I have not watched very many episodes of ESPN’s Around The Horn, where sports columnists from around the nation banter and debate the day’s hot topics in sports and sometimes pop culture. I can say, however, that of the shows I have watched, Dallas Morning News columnist Tim Cowlishaw (@TimCowlishaw) has generally been the guy I most enjoyed hearing from.
First and foremost, unlike too many of his castmates, Cowlishaw never yelled or said or did silly things to draw attention to himself. Knowledgeable and respectful of sports history, he also always seemed to have an apt movie quote or song lyric at his fingertips to make a point. His taste in TV shows — The Wire, Justified, It’s Always Sunny In Philadelphia and Archer — runs eerily parallel to mine.
Sealing the deal is his interest in hockey and NASCAR, and his polite but futile attempts to inject those sports into the conversation on an ESPN show (we all know the “Worldwide Leader in Sports” cares little for the NHL and only slightly less about NASCAR).
Bottom line: Tim Cowlishaw always seemed to me to be the kind of guy you’d like to sit down and have a beer with, maybe while catching a game or enjoying a dinner. He’d have great stories to tell about his years covering the Dallas Cowboys and Stars, or the San Francisco Giants, and could quote lines from your favorite movies or TV shows.
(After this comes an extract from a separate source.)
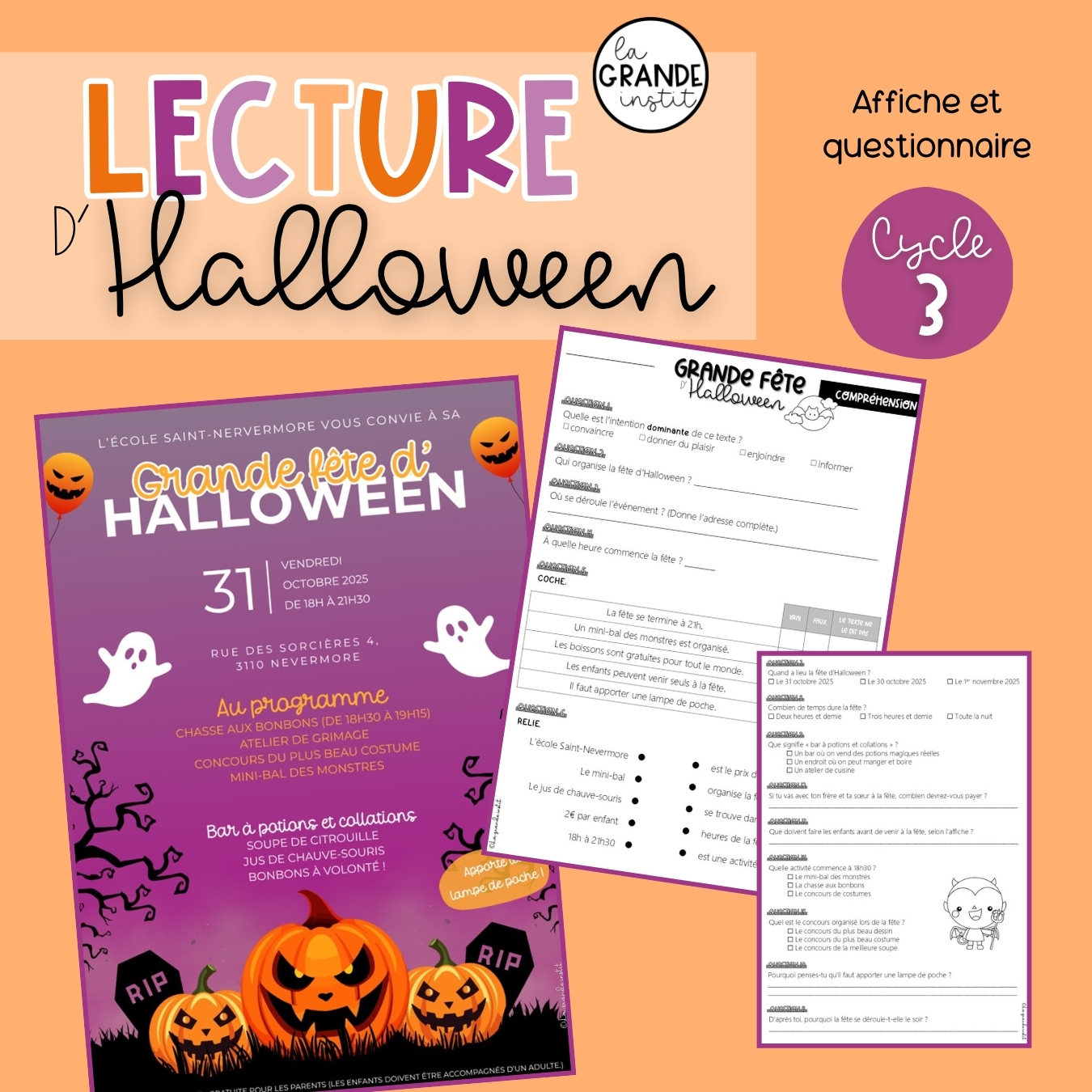 Je vous partage une compréhension à la lecture d’une AFFICHE sur le thème d’Halloween idéale pour des élèves de 3e et 4e primaire. Vous trouverez des questions de compréhension et le corrigé est fourni !

After reading Cowlishaw’s Drunk On Sports, only one thing about my assessment has changed: I’d still love to sit down with him, to chat about sports or Raylan Givens or maybe Omar Little, but I know we wouldn’t be drinking beer or vodka and cranberry juice. Because as Cowlishaw details in this candid and highly readable memoir, his thirty-five year affair with alcohol ended in 2009 after a tumultuous couple of years that included a DUI and two trips to the hospital emergency room, the first with a blood alcohol level of .266.
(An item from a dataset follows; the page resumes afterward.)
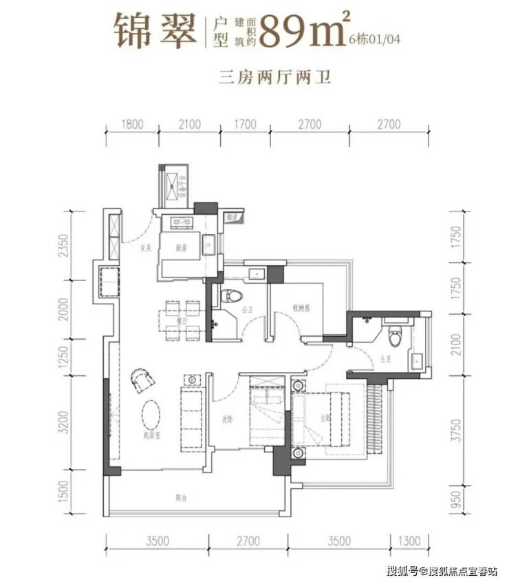 89㎡的3房2厅2卫,6栋01/04户型,设计的是经典竖厅格局,客厅3.5米开间,LDKB一体化,S墙设计预留冰箱卡槽位,三开间朝南,动静分区,主卧+次卧270°无柱转角飘窗,卫生间干湿分离,得房率约97.47%(包含赠送),客厅连接次卧出大阳台约11.46平,西南或东南朝向。

Eschewing rehab or AA sessions — although he is quick to point out how important those paths have been for so many — Cowlishaw quit drinking by simply stopping when he finally realized how important it was to his family and his health that he do so. This highlights what to me has always been a terribly important fact: people will not stop addictive behavior until they are ready to.
That’s not to say making that decision is the same as waving a magic wand —*presto* — and the desire to drink is gone. That desire never leaves but no one can tell an addict to stop and have it mean anything (which is why courts ordering Hollywood types like Lindsay Lohan to rehab is such a waste of time). Only the addict can decide when to stop; once the decision has been made others can help but staying sober belongs solely to the addict.
Make no mistake, this is not a doom-and-gloom tale filled with horror stories of blackouts and embarrassing social situations. Like many, Cowlishaw was adept at hiding his drinking in plain sight and his book is filled with self-deprecating humor, such as this thought in the weeks after he decided to quit:
I even wondered if they were starting to miss me at the three liquor stores that I used on a rotating basis. Doesn’t every drunk have a three-store rotation? I used two just off I-35 and one in the Uptown area closer to where I lived so that I didn’t need to buy a fifth of vodka from any of them more than once every two weeks.
— Cowlishaw, Tim (2013-03-17). Drunk on Sports (Kindle Locations 2552-2555). Vigliano Books. Kindle Edition.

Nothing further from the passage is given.